# Gettting a softop black again



## Hark (Aug 23, 2007)

I'm hoping to purchase a softtop Z4 next weekend. Have been to see it and arranged everything, the bodywork is in good condition, but there are some dirty marks on the hood. No damage.

What products do you ragtop owners use to bring back the black look and keep it watertight?

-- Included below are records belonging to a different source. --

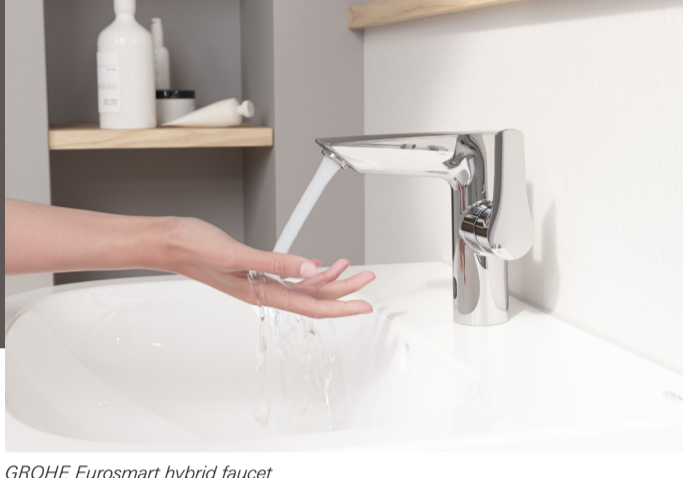
GROHE Eurosmart hybrid faucet

The Eurosmart hybrid variant offers additional advantages when it comes to comfort and hygiene. It combines the advantages of a manual and a touchless faucet. Users can decide whether they want to use the manual lever or use touchless technology by activating the water flow via the integrated sensor. By using the infrared sensor control the faucet is only using cool water supply which is optimal for washing hands while saving valuable energy.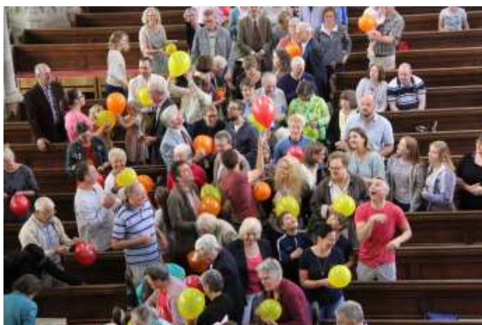
Pentecost family service

St Mary's plays an important role in the spiritual and civic life of the town, with an active congregation (300 on the electoral roll including the daughter churches of St James' Swards End and St John's Little Walden). Our mission is to share God's love, our full vision statement is set out in Appendix 4 . There is a full pattern of Sunday and weekday services, including services for families and children, and the church is kept open and well used during the day for private prayer. The average congregation at main Sunday services is around 200. The church is the hub and the springboard for many groups: social, pastoral, Christian nurture, children's and youth activities, all reaching extensively into the community.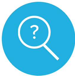
Investigation and Inquiry

This activity package builds on the activities in the Xello for Kindergarten to 2nd Grade Supplementary In-Class Activities Guide. It includes activities for each of four key areas: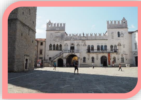
Praetorian Palace in the centre of old Koper

The second partner meeting was hosted on 3 rd - 4 th June 2019 by the Slovenian partner – University of Primorska. The partners from the Pedagogical Faculty welcomed all the project partners to the beautiful historic city of Koper by the Adriatic sea.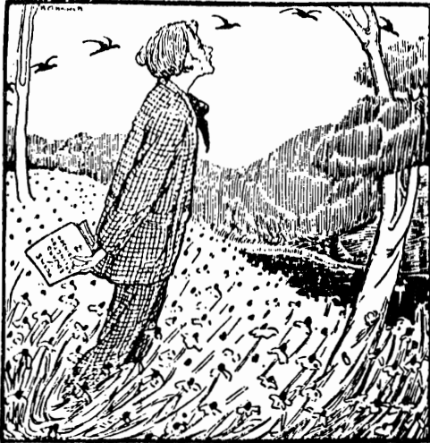
IN THE DAISY FIELDS OF MAINE.

(President Roosevelt has appointed Edward Arlington Robinson, the poet, to a position in the Custom House, and he has also written a review of Mr. Robinson's poems for the Outlook .—Newspaper Item.)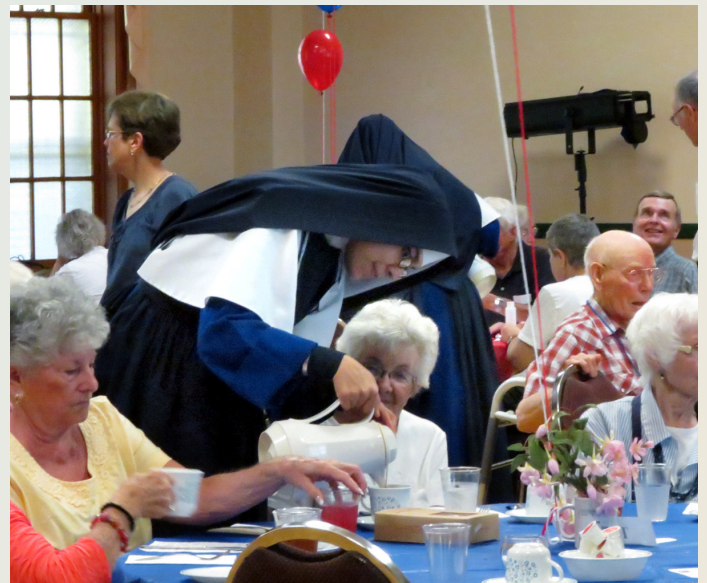
The Sisters acted as hostesses at the Singing Nuns' annual Luncheon Concert, sharing our joy with the Spokane community.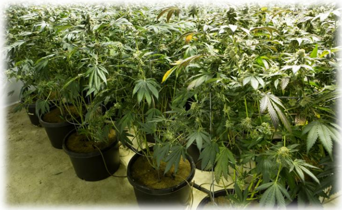
Figure 4 - Drip irrigation

Drip irrigation has been used for thousands of years. It saves water and nutrients by allowing water to drip slowly to the roots of plants, either from above the soil surface or buried below the surface. However, what once was considered a "God sent" is now a risk. It is not a risk because it saves water and time; its a risk because our needs have changed. Drip irrigation is not designed to provide water throughout the plant's life cycle. It does not take into consideration the plant's nutritional needs throughout its growth phases. Drip irrigation is a low-cost effective solution for small irrigation projects but when you are trying to grow plants or provide food, textiles, and medicine for millions of people the concept is impracticable. Germinating seeds and transporting them to seed trays only to place them in 6-inch containers is costly. When they have outgrown their space they need to be transported to large vessels. Nobody doubts that this process is impracticable.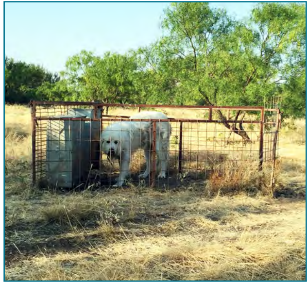
FIGURE 5. This self-feeder is made from three panels arranged as a triangle. The right side of the pen and has a small panel with a 2-foot space at the bottom for dogs to go under.

The number of dogs required for optimal protection varies according to the size of pasture, number of herd groups, topography, flocking instinct of the livestock, number and species of predators, fencing, and guardian dog behavior. The general recommendation is one dog per 100 ewes or does. However, this number is not absolute. Except for small flocks that are close to the house, two dogs are probably more desirable because if one dog is lost the animals will still be protected. On the other hand, flocks of 1,000 or more seldom have more than six LGDs. Start with one or two dogs and evaluate their effectiveness after they reach maturity. Adding newly bonded dogs to a herd that has a mature and effective LGD already in place, is often more successful than starting with three or more untrained dogs. Younger dogs learn from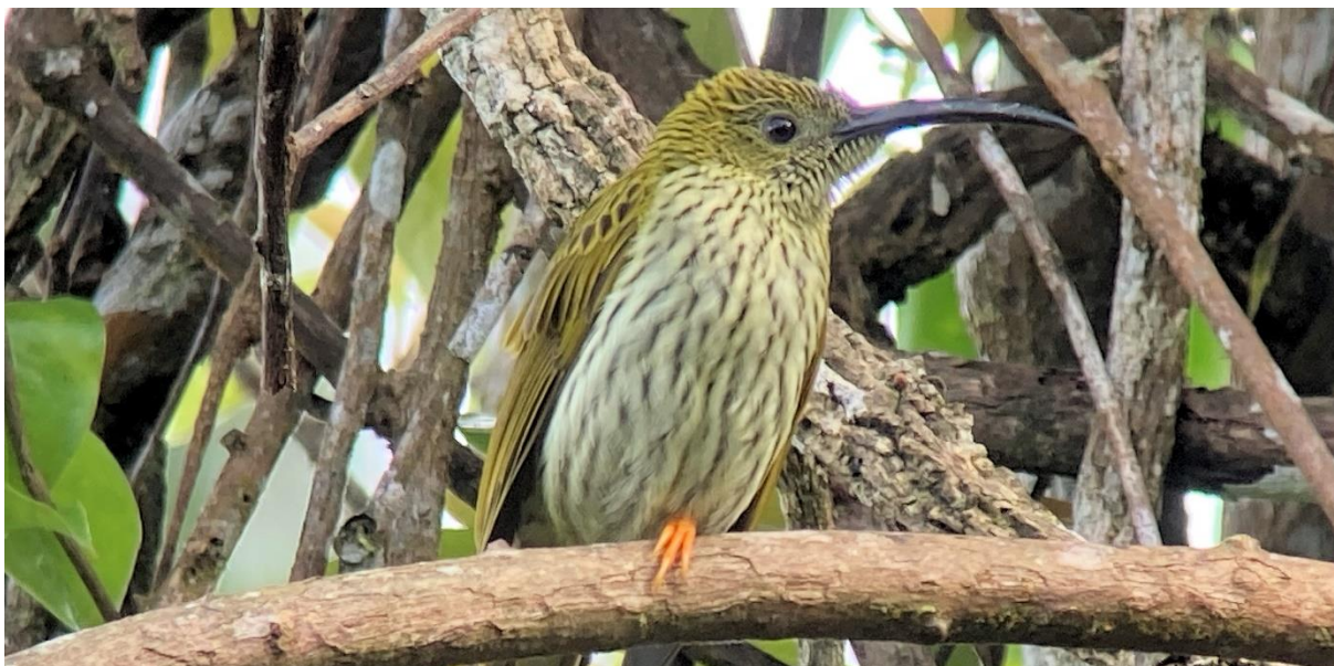
Streaked Spiderhunter © Colin Bushell

Streaked Spiderhunter Arachnothera magna Seen daily around Fraser's Hill, where we enjoyed great 'scope views.

You can see the marks here.


----------



## bozzy96 (May 26, 2009)

Oh crap, have I gone on the BMW forum again ?????? :lol: :lol: :lol: :lol: Fabsil buddy 2 or 3 coats and it looks like new !! 8)


----------



## bigsyd (Jul 9, 2008)

when we had our roadster the roof was in about the same state, all i did was a large bucket of Luke warm water a large jug of warm water with a few drops of APC (all purpose cleaner) i completely soaked the roof with the Luke warm water, then using the warm water with APC and one of them small bristle brushes , i gently agitated the roof to clean it, then a wash down with open hose pipe and then a jug of warm water with the correct dilution of Milton sterilising fluid  gently using the brush rub that in, leave for five Min's and wash down thoroughly with open hose pipe, 
one the fabric is dried i then applied 2 coats of fabsil (bloody great stuff) it has a natural looking darkening affect . so my roof was looking a bit Gray turned a lovely new look black, and the beading from the fabsil is as good as Any wax on metal

guess what i will be doing this weekend on the TTS :roll:


----------



## Hark (Aug 23, 2007)

Cheers guys.


----------



## YELLOW_TT (Feb 25, 2004)

Have a look at Daves how to at the top of this section


----------



## TOGWT (Sep 1, 2010)

Faded fabric - caused by ultra violet radiation (UV-B) photo degradation or acidic attack; to help to keep or revive the colour - Renovo Soft Top Reviver a paint-on product that restores faded colour 
www.renovointernational.com/faq.html (Convertible top care by Renovo International)


----------



## Jac-in-a-Box (Nov 9, 2002)

YELLOW_TT said:


> Have a look at Daves how to at the top of this section


Absolutely young man :wink: :lol:

All you need to know in here - it works!

viewtopic.php?f=31&t=115683

Dave


----------



## TT K8 (Sep 13, 2009)

I'll second the Johnson BB and Fabsil route. Just make sure you wash the car on a sunny day afterwards and have your camera ready as your roof will be studded with Swarovski crystals!


----------